Exercise data:
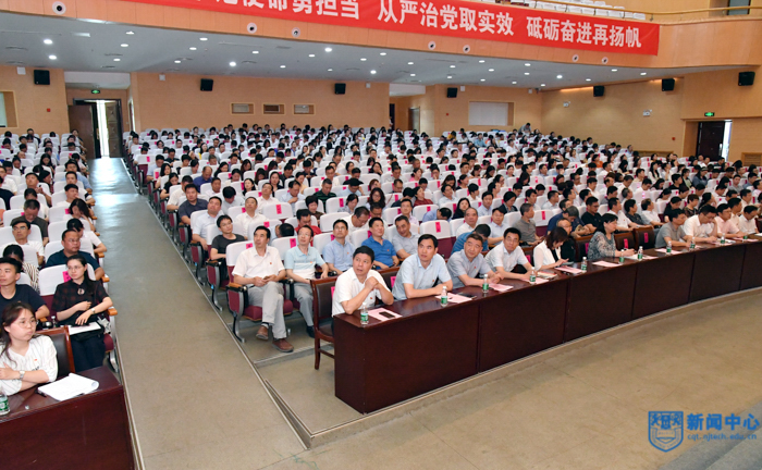 校党委书记芮鸿岩作了题为“聚精会神抓党建,全力以赴促发展”的讲话。他回顾总结了过去两年学校党的建设工作。他强调,学校各级党组织要准确把握高校党的建设面临的新形势新要求,坚定不移地加强和改进学校党建工作,要在精心筹备“不忘初心、牢记使命”主题教育上下功夫;要在不断完善“四位一体”组织体系,贯彻落实新时代党的组织路线上下功夫;要在集中整治形式主义、官僚主义,持之以恒正风肃纪上下功夫;要在认真抓好思想政治工作和意识形态工作,确保校园安全稳定上下功夫。他希望,各级党组织和广大党员干部,一要以抓铁有痕的严肃势态落实全面从严治党责任;二要以守正笃实的常抓恒态推进党建各项任务;三要以矢志不渝的奋斗姿态推动学校事业发展。
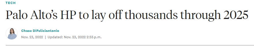 灣區華人資訊網11月24日綜合報道 近日Meta、推特和Salesforce等科技公司裁員的新聞頻頻出現在頭條,現在,又一總部尚在灣區的科技公司——惠普表示,計劃在未來兩年裁員4000至6000人。
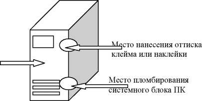 наносится на заднюю панель системного блока ПК путем наклеивания стикера и на титульный лист паспорта - типографским способом.

Exercise directions: Every picture stays out; reproduce exactly the lines from the one with "灣區華人資訊網11月24日綜" through the last line of the data above.

Exercise output:
 灣區華人資訊網11月24日綜合報道 近日Meta、推特和Salesforce等科技公司裁員的新聞頻頻出現在頭條,現在,又一總部尚在灣區的科技公司——惠普表示,計劃在未來兩年裁員4000至6000人。
 наносится на заднюю панель системного блока ПК путем наклеивания стикера и на титульный лист паспорта - типографским способом.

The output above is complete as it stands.